How did they achieve this speed-up? Oracle offered four major improvements:

One benchmark, for instance, was 151 times faster with a 250GB data set, 843 times faster with a 1TB set, and 1392 times faster with a 4TB set. The benchmarks ran against multi-terabyte data sets no doubt chosen to highlight speed advantages Oracle has gained with HeatWave. Oracle also offered benchmark results that showed HeatWave was 7 to 9 times faster than some other big data storage options, like Google’s BigQuery or Snowflake. Another benchmark (CH-benCHmark**) designed to simulate a mixed workload of writes and reads is said to run with “18 times lower latency, and 110 times higher throughput.” Super fast, super open One benchmark (TPCH*) running on a four terabyte database is said to be more than 1,100 times faster running on HeatWave than when loaded into versions of MySQL running on Amazon’s Aurora. Competitors like Amazon may also have tweaked MySQL in building their services, but Oracle’s benchmarks suggest that Oracle’s work creating a new storage engine has paid off. To document its new creation’s prowess, Oracle presented benchmark results from loading similar databases into both HeatWave and some of their competitors that are also selling services based on running MySQL. The company focused on speeding up larger data sets of several terabytes that might be spread out over multiple machines. HeatWave was created by Oracle’s internal experts after several years of internal research and development, a process that Oracle estimates produced several dozen patents. It won’t be able, at least for now, to be installed locally.
#Pervasive mysql code
While the larger MySQL code base remains open source, the new engine will be proprietary and can only be used inside Oracle’s cloud.
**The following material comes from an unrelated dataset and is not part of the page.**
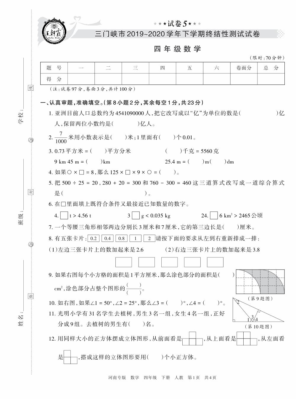 2019-2020学年第二学期三门峡市四年级数学试卷(人教版)_R210804135526【5】

The MySQL interface, which normally hides the work of the engine from the programmer, will be the same.

Oracle expects that most developers will be able to switch to HeatWave with few if any changes to their code.
#Pervasive mysql free
Anyone who downloads a current version of MySQL, for instance, may choose to use one of the free engines like InnoDB or MyISAM, which are also open source.ĭevelopers can generally switch between engines with little effort, allowing them to pick the one with the best performance and protections for their project.
#Pervasive mysql software
MySQL uses a collection of software extensions known as engines to write information to disk. The software at the core of the announcement is a new storage engine called HeatWave.